Media reports suggest that the government is also planning incentives in the form of preferential tax rates and holidays to attract foreign firms. Doing this through the recently launched Production Linked Incentive scheme might keep the typical outcomes associated with neo-Lafferism (tax-cuts not resulting in incremental growth) at bay, but other perverse outcomes such as those predicted by Leprechaun economics (GDP increasing at a much faster rate than GNI as more investment income accrues to foreigners) still looms large.
Staying out of this self-harming race to attract foreign investment is, however, not to prescribe that the Indian industry should cut itself from GVCs and embark upon some autarchic vision of self-reliance; the focus should be more on integrated resilience.
One reason why businesses across the globe struggled to cope with the Covid shock was that they had vigorously removed “slack” from their systems as they became the disciples of lean management and just-in-time production. The spectacular failure of these management principles during the pandemic showed us that what was perceived as excessive slack was necessary redundancy, or the ‘factor of safety’ as we call it in engineering.
Pushing infra investments
To withstand future shocks, businesses must adapt and extend their view of long-term resilience within value chains. The government needs to lend its support to industry by making massive public investments in infrastructure starting with efficient ports, rail and road operations, and grids ensuring steady power supply throughout the country.

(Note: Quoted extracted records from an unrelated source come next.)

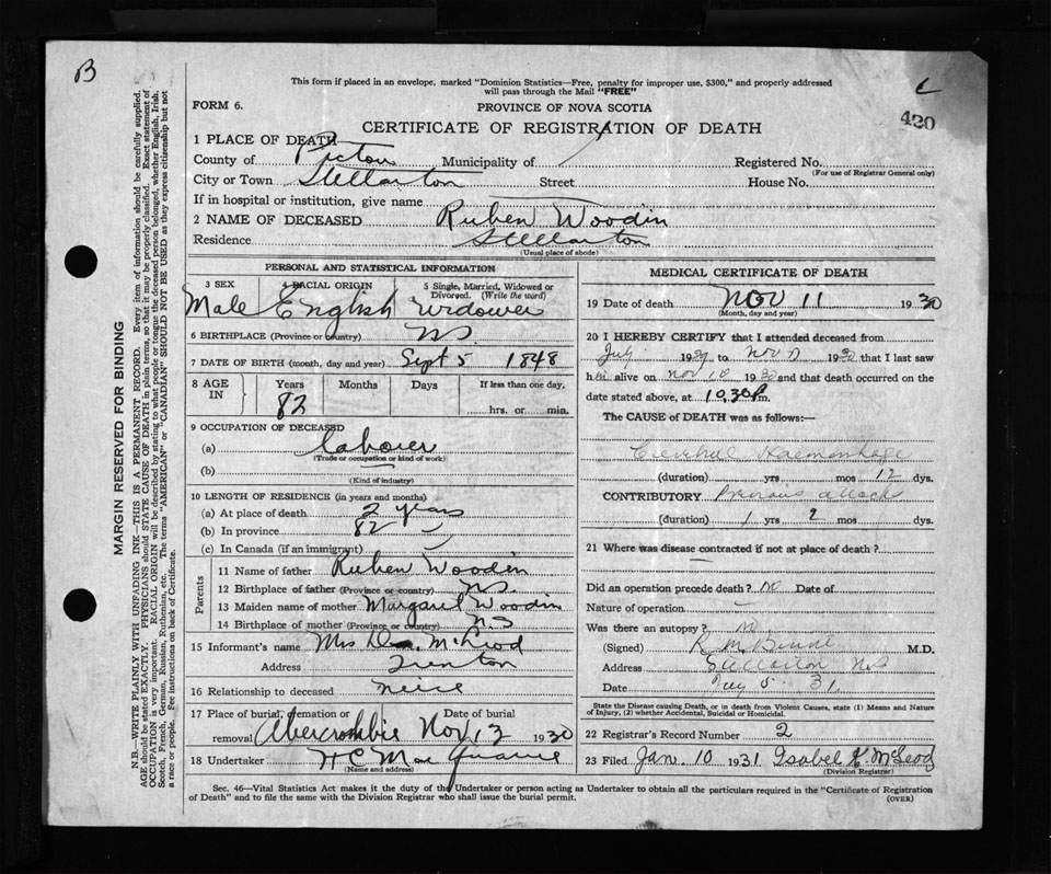 Nova Scotia Archives — https://archives.novascotia.ca/vital-statistics/death/?ID=264119
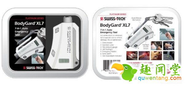 一讲到救生锤大家一定先联想到体型比较庞大的那一种,而且一般买了都是废置在车里。不过国外瑞士科技公司发明了一款比钥匙稍大的汽车救生锤,这款救生锤不仅仅能在紧急情况下砸玻璃,还有其它六种功能,是一款七合一的超级好物。
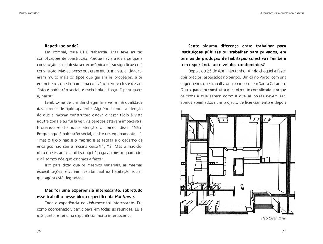 “Trata-se de uma colecção de entrevistas feitas pelo arquitecto Nuno Lacerda Lopes. São conversas entre arquitectos da Escola do Porto onde se procura compreender o processo de construção de um ideal de arquitectura, de profissão, de sociedade e de escola, tendo por base uma reflexão pessoal e aberta e até esclarecer as inquietações teóricas e práticas bem como as circunstâncias que fundamentam a arquitectura portuguesa dos dias de hoje.”
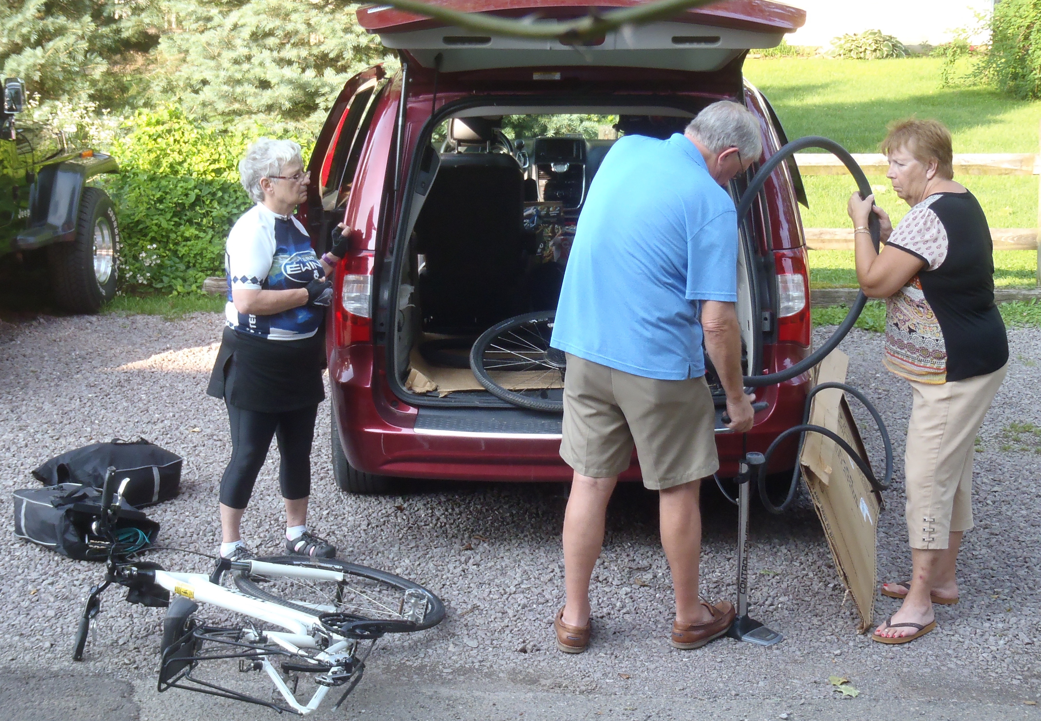 They loaded Sharon and her bike in the van and drove to Rivers Edge Restaurant. (I walked the half mile so there was enough room.) Sharon had had about 3 flats that day and was WAY behind schedule. Billie and JD worked to fix the flat, then we all had dinner together.
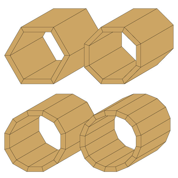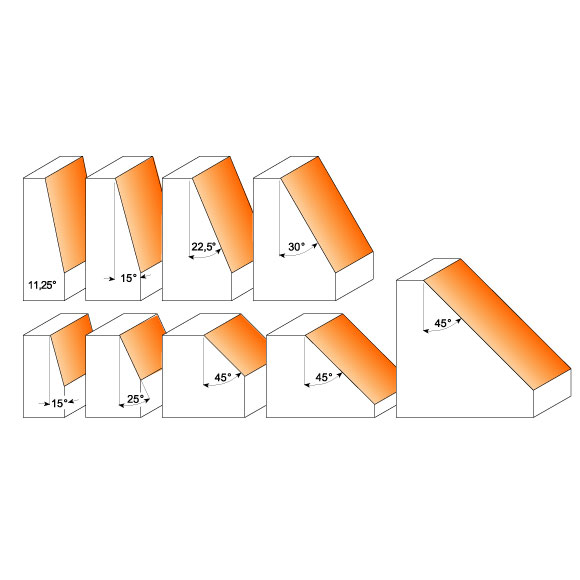 Eine abgeschrägte Kante sieht simpel aus, aber jeder Holz-Profi weiß, dass mehr dahinter steckt – beispielsweise, wenn Sie Polygone herstellen wollen, bei denen die Ecken exakt passen müssen. Mit unseren hartmetallbestückten Fasenfräsern haben wir das Problem gelöst: Durch simple Höhenverstellung des Werkzeuges können Sie von der Anfasung bis zur kompletten Abschrägung alles umsetzen. Somit lassen sich Pfeiler, Säulen, Vieleck-Boxen und vieles mehr herstellen.

Government spending of this kind has large multiplier effects, especially during and after economic shocks. Increased capital expenditure will not only prop up the domestic demand for goods and services by generating employment for low-skilled workers but would also improve the environment for doing business for big industrial players and MSMEs alike, not to mention the tremendous opportunities it will create for the logistics industry.
It is promising to see this agenda being set in motion by the recently unveiled National Infrastructure Pipeline; a lot more is expected from the upcoming National Logistics Policy. Facilitating public investment in these big infrastructure projects through either mode — government borrowing directly from domestic savers or RBI expanding its balance sheet by purchasing securities of government agencies like NHAI, REC, IRFC, etc. — seems like the apposite move during these uncertain times when business confidence is low.

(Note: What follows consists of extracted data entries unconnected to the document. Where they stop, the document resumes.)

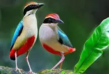 绿胸八色鸫:是雀形目八色鸫科的鸟类,共有12个亚种。体长为16-18厘米,体重65-69克。体型圆胖,尾短,腿长。头黑,上体绿色,两翼深色而具白色斑纹,头顶至后枕深褐,胸及腹部苹果绿,臀亮红。…全部>>
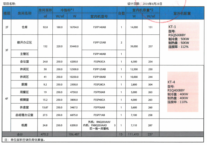 空調(diào)系統(tǒng)配置表
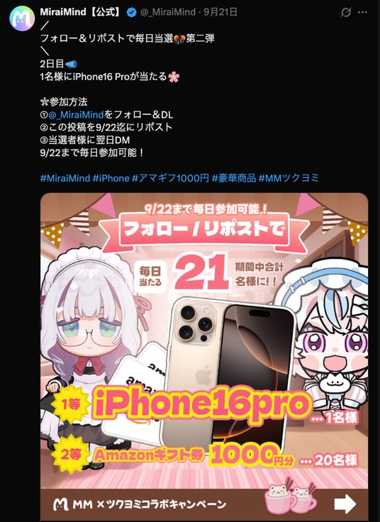 ※当選後はMiraiMind公式Xに当選写真+UIDを提示して賞品交換
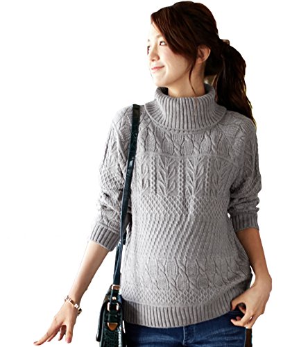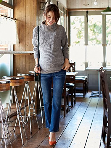 Angeliebe エンジェリーベ マタニティ ウォッシャブル ケーブル タートル ネック ニット セーター 妊婦服 産前 産後 フリー 杢 グレー
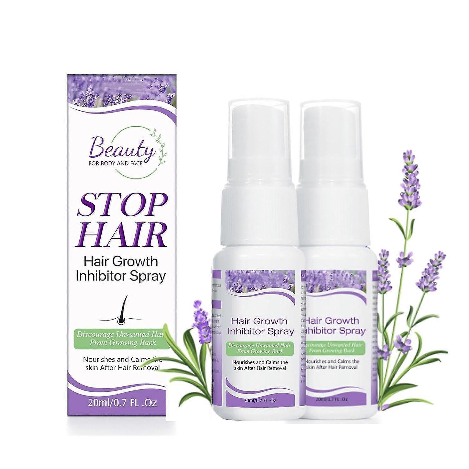 Painless Permanent Hair Removal Inhibitor Spray - 2 Pack Lavender Stop Hair Growth for Face, Arms, Legs, Armpits - 20ml Each
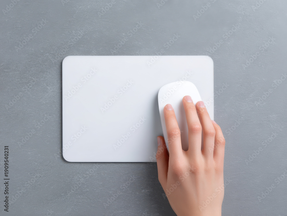 White computer mouse on blank mousepad with hand on gray textured surface, minimal workspace concept #1909540231

Moreover, adding to public debt now will prove to be an effective way to reduce debt-to-GDP ratios over the medium term as growth picks up and tax revenues rise on the back of higher incomes. After decades of falling behind in cutting-edge technologies, the case for a renewed national industrial policy is stronger than ever.
The focus should be on the key sectors: health, pharma, energy, climate, auto, chemicals, and digital technology, with specific initiatives in microelectronics, speciality chemicals, batteries, electric vehicles, IoT and artificial intelligence (AI). Without a coherent industrial policy, excess capacity (zombie firms) and price wars emerge, slowing down investment flows — as has often happened in India (witness the recent trajectory of Indian telecom and aviation sector).
The policy should be designed within a framework that not only prevents coordination failures (i.e., ensure complementary investments) but also avoid competing investments in a capital-scarce environment (time to bring back Development Finance Institutions). Broadly, the industrial policy should cater to the entire ecosystem by fostering innovation, training the workforce, and providing a stable and sustainable business environment.
The writer is Policy Consultant at UNDP India. Views expressed are personal.